# INPUT DATA:
────────────────
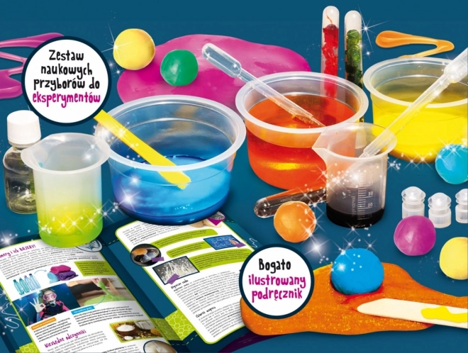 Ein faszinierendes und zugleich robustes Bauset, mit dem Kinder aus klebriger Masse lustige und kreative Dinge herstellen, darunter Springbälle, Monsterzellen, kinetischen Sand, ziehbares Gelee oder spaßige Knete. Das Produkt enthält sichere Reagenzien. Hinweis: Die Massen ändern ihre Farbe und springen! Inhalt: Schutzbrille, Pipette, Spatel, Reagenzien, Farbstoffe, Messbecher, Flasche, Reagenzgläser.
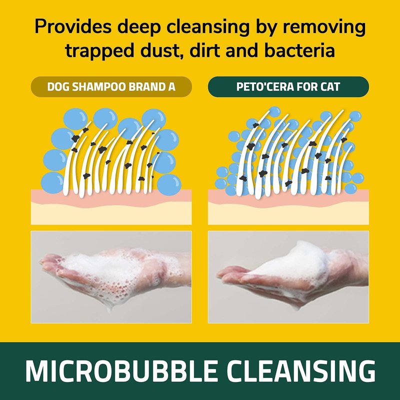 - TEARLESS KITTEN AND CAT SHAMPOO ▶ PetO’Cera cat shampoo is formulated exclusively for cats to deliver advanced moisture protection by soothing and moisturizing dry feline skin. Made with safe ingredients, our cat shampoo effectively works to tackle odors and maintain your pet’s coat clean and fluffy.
────────────────
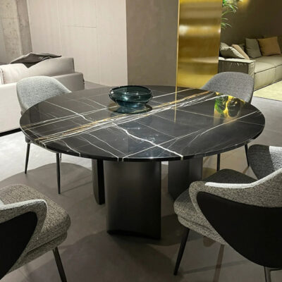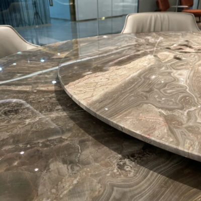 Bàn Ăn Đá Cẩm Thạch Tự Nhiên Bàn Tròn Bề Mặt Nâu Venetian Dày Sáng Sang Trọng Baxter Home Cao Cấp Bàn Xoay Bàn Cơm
────────────────
Using the listing above, reproduce word for word every line from the one containing "Ein faszinierendes und" through the one containing "- TEARLESS KITTEN". Pictures must be left out.

# OUTPUT:
 Ein faszinierendes und zugleich robustes Bauset, mit dem Kinder aus klebriger Masse lustige und kreative Dinge herstellen, darunter Springbälle, Monsterzellen, kinetischen Sand, ziehbares Gelee oder spaßige Knete. Das Produkt enthält sichere Reagenzien. Hinweis: Die Massen ändern ihre Farbe und springen! Inhalt: Schutzbrille, Pipette, Spatel, Reagenzien, Farbstoffe, Messbecher, Flasche, Reagenzgläser.
 - TEARLESS KITTEN AND CAT SHAMPOO ▶ PetO’Cera cat shampoo is formulated exclusively for cats to deliver advanced moisture protection by soothing and moisturizing dry feline skin. Made with safe ingredients, our cat shampoo effectively works to tackle odors and maintain your pet’s coat clean and fluffy.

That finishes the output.